Palo Alto, CA— New work led by Carnegie’s Zhiyong Wang untangles a complex cellular signaling process that’s underpins plants’ ability to balance expending energy on growth and defending themselves from pathogens. These findings, published in Nature Plants, show how plants use complex cellular circuits to process information and respond to threats and environmental conditions.
“Plants don’t have brains like us, and they may be fixed in place and unable to flee from predators or pathogens, but don’t feel sorry for them, because they’ve evolved an incredible network of information-processing circuits that enable them to ‘make decisions’ in response to the situations in which they find themselves,” Wang explained.
Joking, he added, “a plant will never sing ‘If I Only Had a Brain,’ because they have evolved this wonder of responsive decision-making instead.”
Higher plants put hundreds of highly specialized sensors, called receptor kinases, on their cell surfaces to monitor the environment and to communicate between cells. Wang’s lab is working to elucidate the molecular circuits that connect these sensors to specific cellular responses, such as growth and immunity. Improving our understanding of how plants make cellular decisions can underpin technological interventions for improving agricultural yields in the face of a warming planet.
In this current work, published in Nature Plants, Wang’s team discovered that two of these sensors use a system of different molecular tags involving a protein that’s shared between their respective communications circuits. This finding links the growth and immune-response loops, advancing our understanding of how plants make their most important decisions.
When a plant senses a threat, it needs to activate communication chains that raise the alarm and tell it to fight off the pathogen. There are two main types of threat-detection mechanisms in plant cells—the ability to recognize distinctive chemical patterns that signify an invader, such as components of a bacterial cell, and the ability to recognize a disruption caused by invading pathogen.

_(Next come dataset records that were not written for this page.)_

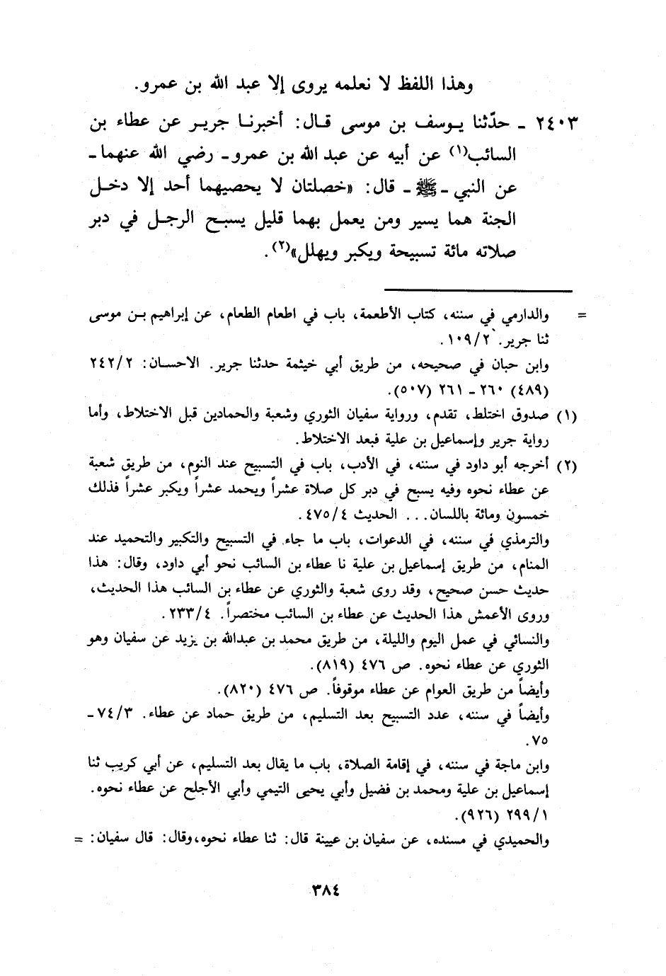 2403 - حَدَّثَنَا يُوسُفُ بْنُ مُوسَى، قَالَ: أَخْبَرَنَا جَرِيرٌ، عَنْ عَطَاءِ بْنِ السَّائِبِ، عَنْ أَبِيهِ، عَنْ عَبْدِ اللَّهِ بْنِ عَمْرٍو رَضِيَ اللَّهُ عَنْهُمَا، عَنِ النَّبِيِّ صَلَّى اللهُ عَلَيْهِ وَسَلَّمَ قَالَ: «§خَصْلَتَانِ لَا يُحْصِيهِمَا أَحَدٌ إِلَّا دَخَلَ الْجَنَّةَ، هُمَا يَسِيرٌ وَمَنْ يَعْمَلْ بِهِمَا قَلِيلٌ، يُسَبِّحُ الرَّجُلُ فِي دُبُرِ صَلَاتِهِ مِائَةَ تَسْبِيحَةٍ وَيُكَبِّرُ وَيُهَلِّلُ»
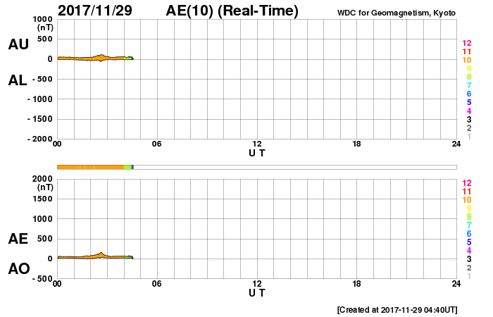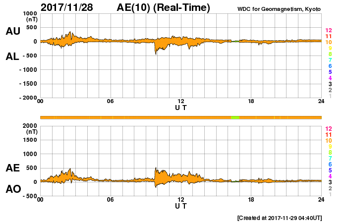 AE指数のグラフでは、500nT程度の小規模の活動も起きています。
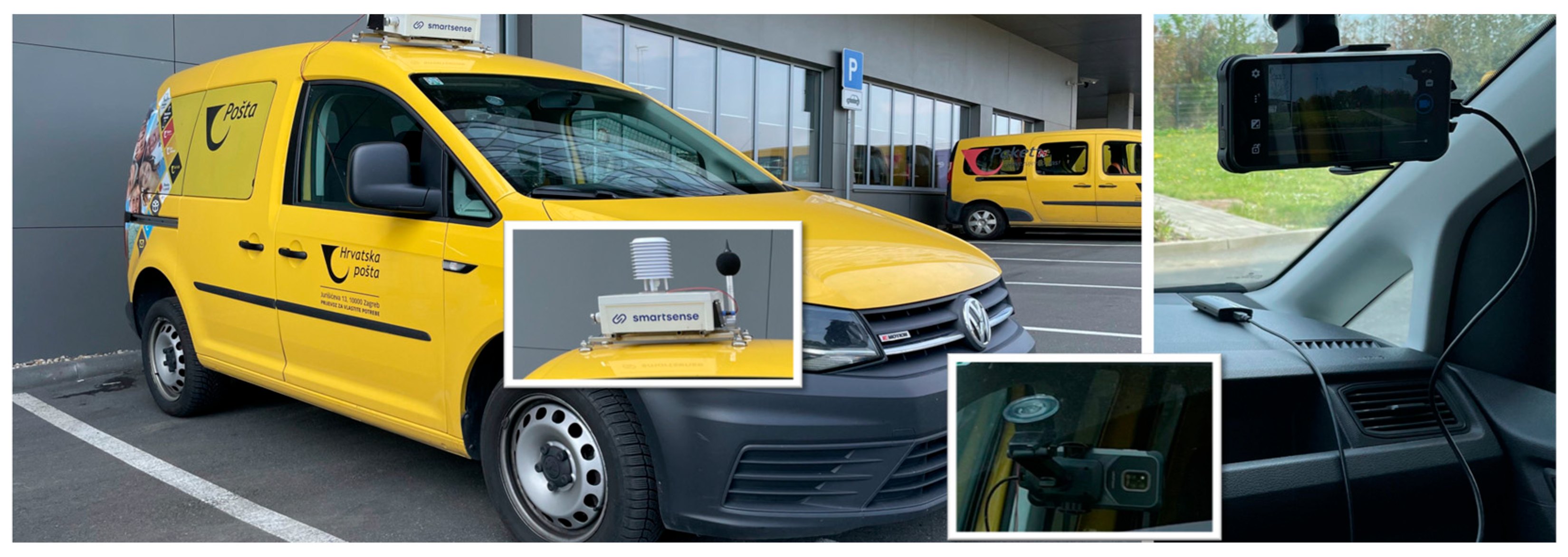 The platform was validated through a phased pilot deployment. During the preparation and experimentation phase, two private vehicles were equipped with sensor units and smartphones to establish baseline system functionality and refine the data acquisition workflow. Subsequently, two vehicles operated by a commercial delivery provider collected data continuously for two months, testing system reliability under realistic operational conditions with independent fleet management.
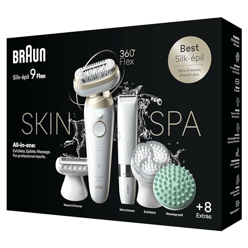 Braun Silk Epil 9 Flex SkinSpa Epilatore Elettrico Donna Con Testina Flessibile A 360° Per Una Epilazione Semplice, Wet & Dry, Pelle Liscia A Lungo, Idea Regalo, 9-481 3D Bianco/Oro
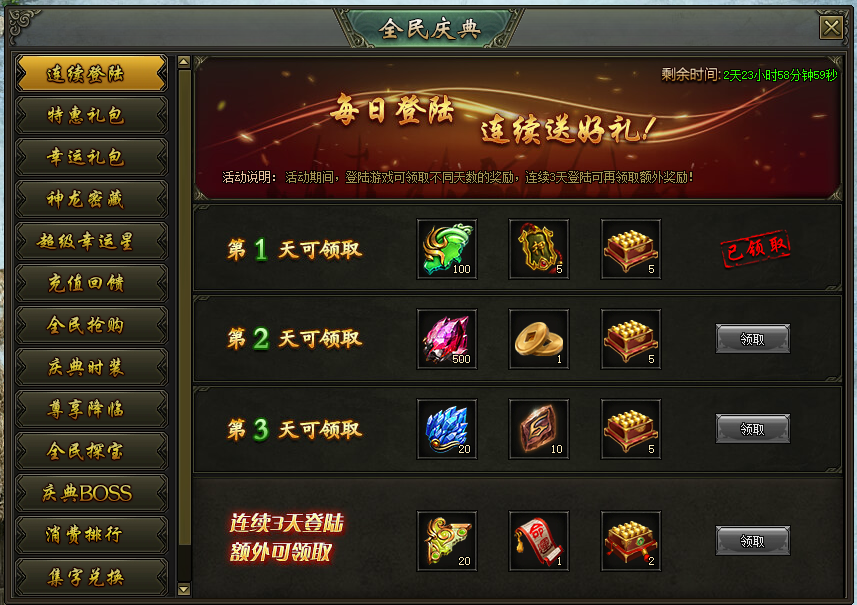活动时间:2月13日 0:00-2月15日 24:00活动范围:开服天数〉7天的服务器活动一:连续登陆活动说明:活动期间,登陆游戏可领取不同天数的奖励,连续3天登陆可再领取额外奖励 ...
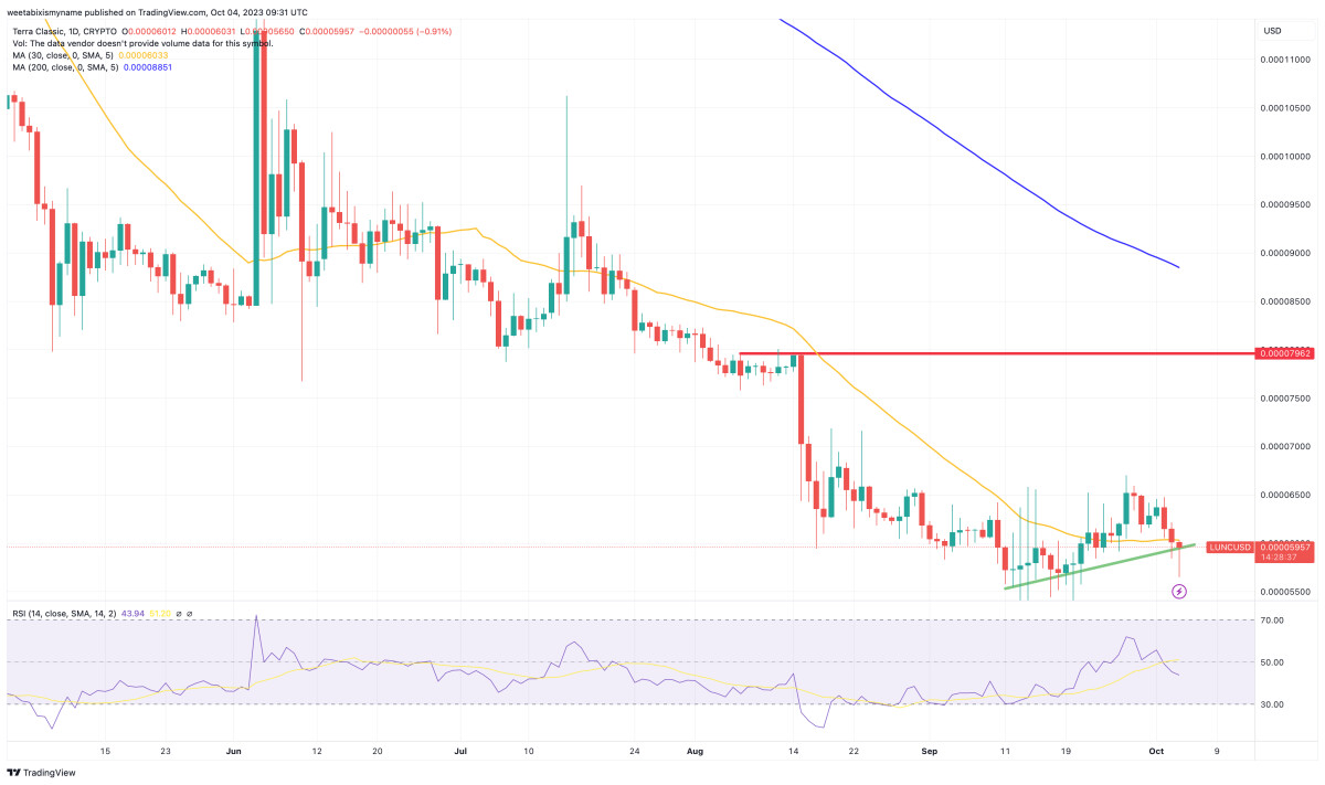 The Terra Luna Classic price has dropped by 3% in the past 24 hours, with its fall to $0.00005928 leaving the altcoin in 100th place in terms of cryptocurrency market cap rankings.
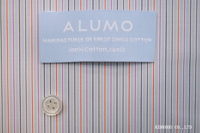 140番双糸の高級番手マルチカラーの細ストライプ スイス ALUMO アルモ社製生地 コットン100%
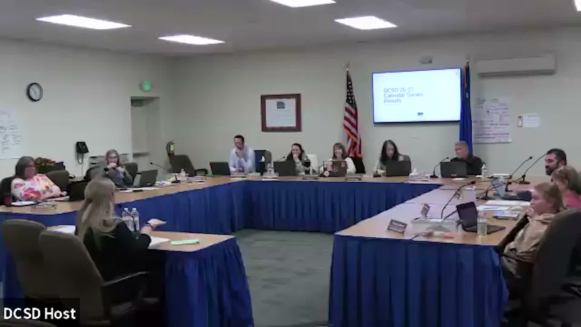 The board reviewed a community survey (659 family, 307 staff responses) on school calendar options and directed staff to produce multiple drafts — including one that starts as late as possible but removes October and February breaks to finish before winter break — for consideration next month.
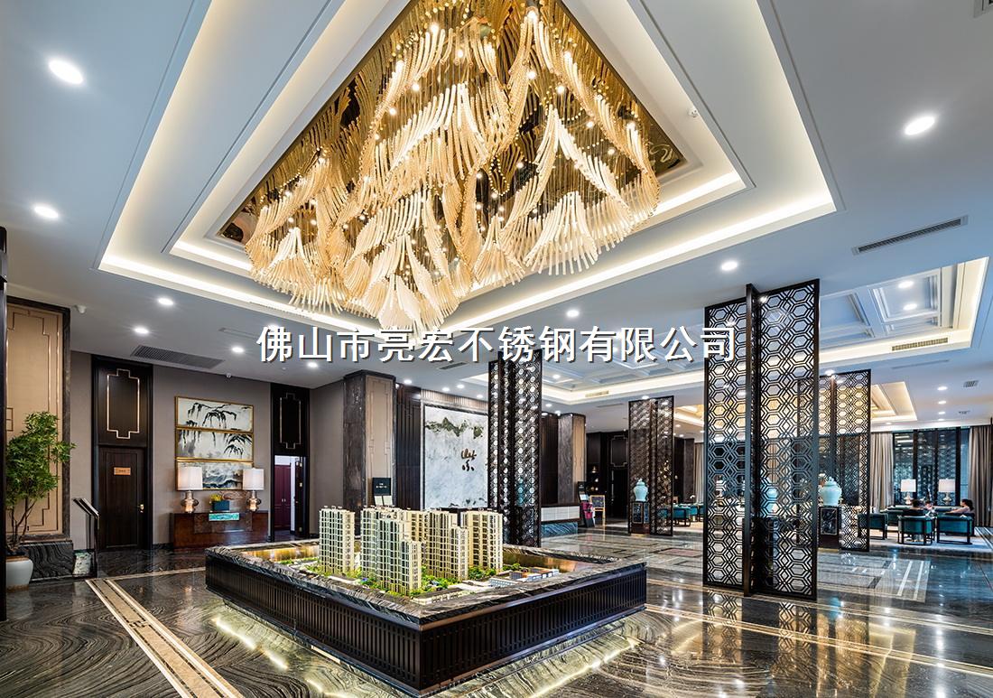 该项目位于山西省太原市,为万科旗下一个售楼中心,其装修采用不锈钢装饰条、不锈钢包边、沙盘采用不锈钢底座,大厅内使用亮宏不锈钢屏风,使大厅内空间进行有效区分,同时保证了大厅内的视线和美观度。
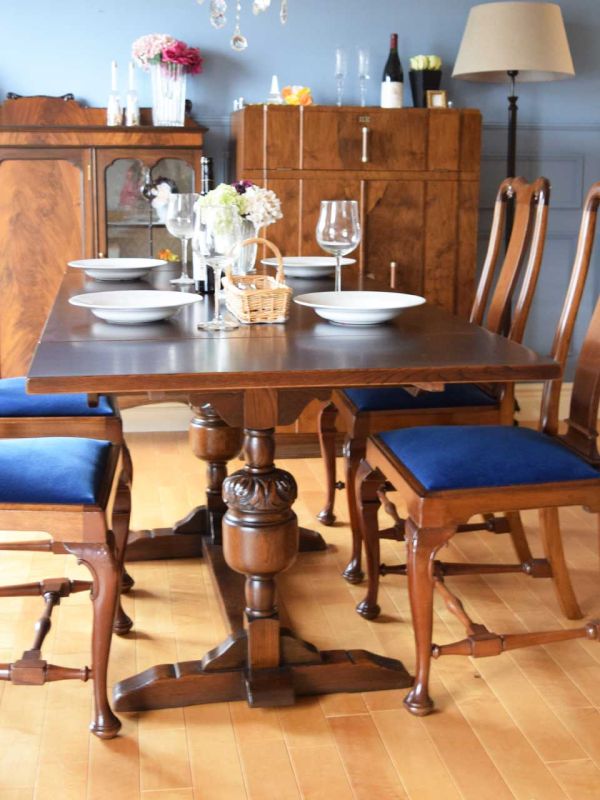 今日の夜は主人が新年会に行くので、末っ子と2人の母と4人でお好み焼きパーティー。ホットプレートを囲んでお好み焼きを作るダイニングをコーディネートしてみました。 ホットプレートを乗せるダイニングテーブルに選んだのは、ちょっと大きめサイズのめずらしいドローリーフテーブル。両方のリーフを開いてみんなで囲むのにちょうどいいな・・・と思いながら、ブルー色の座面のクイーンアンチェアを組合わせてみました。 杢目が美しいキャビネットとコンパクトムを置いておしゃれに仕上がったダイニングで焼くお好み焼き。いつもより美味しく焼けそう~(笑)

Wang and his research collaborators—including Carnegie’s Chan Ho Park (the lead author), Yang Bi, Nicole Xu, Ruben Shrestha, and Shouling Xu, along with Stanford University’s Jung-gun Kim and Mary Beth Mudgett and colleagues at Chung-Ang University, Hanyang University, and UC San Francisco—traced one enzyme’s role in biochemical signaling pathways for both types of threat recognition.
Called BSU1, the researchers demonstrated that it plays key, but distinct, roles in two pathways—one that promotes growth and the other that raises the plant’s threat alarm system.
One pathway involves a receptor for a member of class of plant hormones called brassinosteroids—which Wang has studied extensively and are crucial to plant growth and development, seed germination, and fertility. The other pathway works through pattern-recognition receptors that specializes in detecting the motile tail of a bacterial invader.
Both of these pathways involve cell surface sensors that, when activated by external signals, chemically tag different proteins to either turn on or turn off their behavior, passing information down a chain of interactions.
The researchers were surprised to discover that BSU1 engages in two entirely separate interaction chains. In the brassinosteroid pathway, BSU1 is involved with the hormone’s growth and development functions. In the pattern-recognition pathway, BSU1 is involved in activating immunity upon threat-detection. BSU1 translates the codes from the different sensors by using different segments of its structure to accept the chemical tag, with each location representing a different message.
Taken together, these results demonstrate the interconnected complexity of growth and immune response. Furthermore, they are a stunning revelation of the way plant’s take in information, process it through biochemical circuits that mimic a binary computer language, and react to environmental conditions to improve their chances of survival.
“Our work demonstrates how a protein like BSU1 can act like a computer chip in processing complex information,” Wang concluded. “As we prepare for a world in which climate change increases stress on important food and biofuel crops, it’s critical that we understand how plants detect and react to external threats.”
This research was supported by grants from the U.S. National Institutes of Health; the U.S. National Science Foundation; the Howard Hughes Medical Institute; the National Research Foundation of Korea, which is funded by the Ministry of Science; and the Carnegie Institution for Science.